Whole brain radiotherapy complications

Tolerance of WBRT is usually good, and early reactions are usually mild and resolve within several weeks after irradiation; they include mainly headache, fatigue, nausea and hair loss. Other early complications (≤ 6 months), in the form of a syndrome including somnolence, short-lasting memory disturbances and mild leukoencephalopathy, are also transient in nature. However, a serious problem is late complications (> 6 months after radiotherapy) that are in general irreversible, usually progressive and even life-threatening. The risk of developing the most serious of them, i.e. radiation-induced necrosis, is lower than 1% with appropriately dosed WBRT; encephalopathy occurs in 2–18% of patients, usually after 2 years following radiotherapy. Demyelination lesions and vascular damage may lead to memory, concentration and attention disturbances, mood swings, neurocognitive function (NCF) disorders and even dementia [19, 29, 35, 69]. It should be however kept in mind that many of these complications may be related to causes other than WBRT, e.g. disease progression, previous treatment (surgery, systemic treatment), anticonvulsants, patient’s age, concomitant diseases (atherosclerosis, diabetes), etc. [19, 29, 35]. Prevention of late WBRT complications includes mainly: avoidance of exceeding fraction doses of 3 Gy, hippocampal sparing radiotherapy, and use of neuroprotective agents (memantine, donepezil, lithium, renin-angiotensin system blockers, etc.) [19].

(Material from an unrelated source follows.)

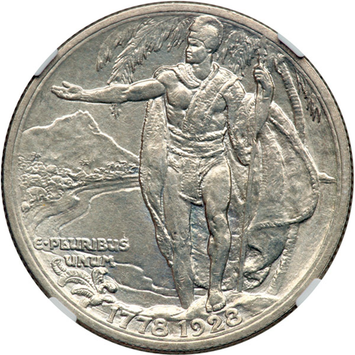 1928 Hawaiian Half Dollar. NGC Unc Details, improperly cleaned. We disagree, looks like a gorgeous gem to us. Our grade is MS-65. See if you don't agree with us. Only 10,000 Hawaii Commemoratives were struck and sold. Half the issue was reserved for residents of the Territory of Hawaii (which became a State in 1959). The rest were made available to the rest of the country. Scarce in Gem condition (PCGS # 9309) .
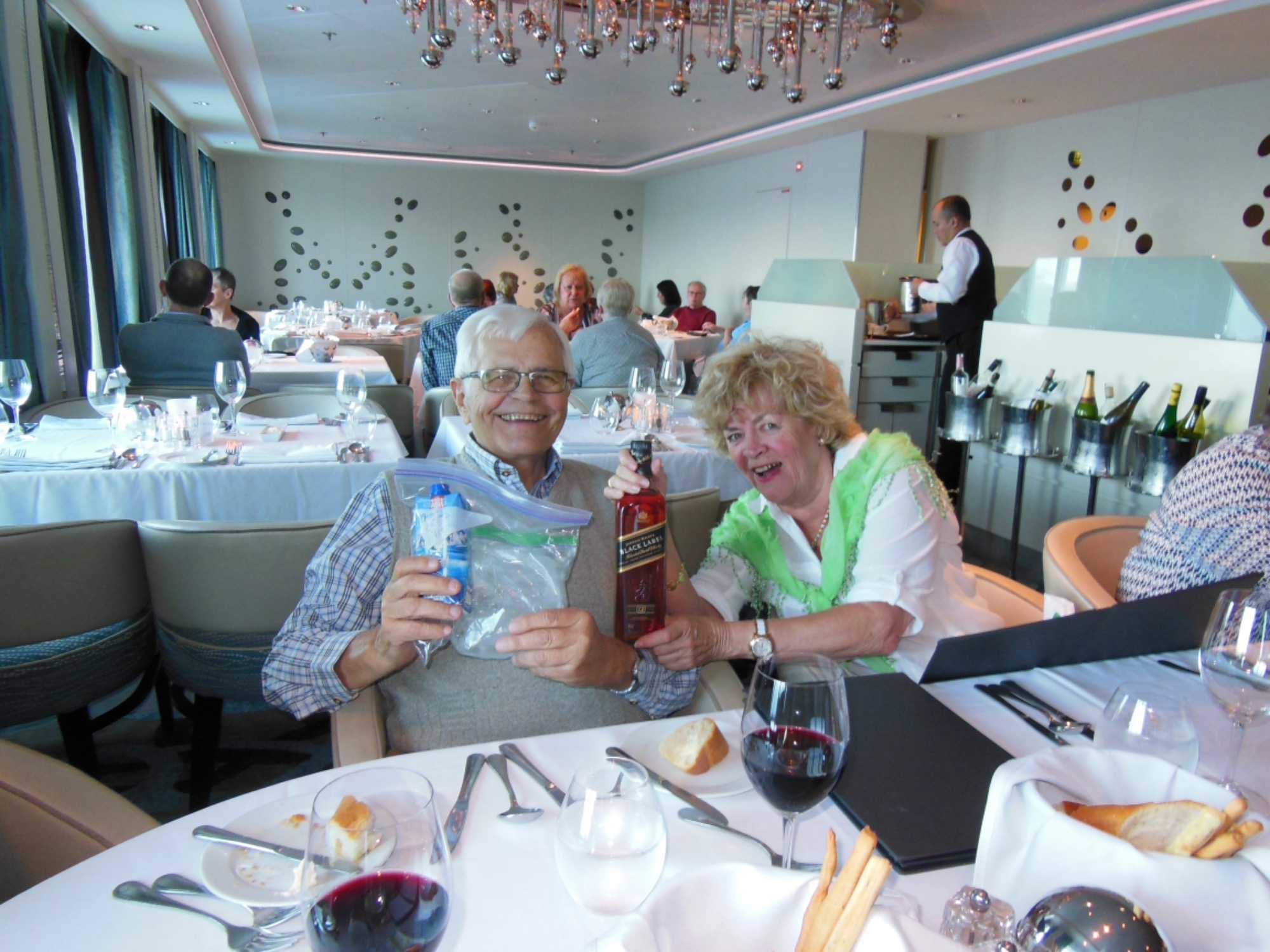 À l’heure du souper, j’ai fait une petite surprise à Georges. Puisqu’il avait mentionné vouloir obtenir de la glace d’un glacier pour prendre son Whisky Black Label vieilli de 12 ans... J’avais imaginé la surprise à Ushuaia en achetant un contenant de 500 ml d’eau de glacier certifié pure. Depuis, j’ai tenté différentes approches auprès du personnel pour faire geler cette eau. J’ai fait congeler le tout pour Georges et voilà qu’il a pu déguster son Whisky comme il le souhaitait. Nous avons eu du plaisir à fêter cet évènement avec lui et j’étais très contente de voir sa belle réaction. Il suffit souvent d’un tout petit geste pour faire plaisir.

To conclude, WBRT, due to its efficacy and lack of good alternative treatment options, remains a basic treatment for patients with multiple BMF-NSCLC and poor performance status.

Summary

In summary, surgical treatment is recommended in patients with single BMF-NSCLC, with good performance status (KPS of 70 or more) and controlled extracranial disease. Patients with single (1–3) BMF-NSCLC of diameter below 33.5 cm, with no or only minor neurological symptoms, located in different regions of the brain, including those not accessible to metastasectomy, with controlled extracranial disease, are the best candidates for SRS. Whole brain radiotherapy following SRS reduces the risk of local relapse and progression of brain metastases outside the SRS volume. Whole brain radiotherapy alone, due to its efficacy and lack of good alternative treatment options, remains a basic treatment for patients with multiple BMF-NSCLC, poor performance status, with uncontrolled extracranial disease, disqualified from surgery or SRS.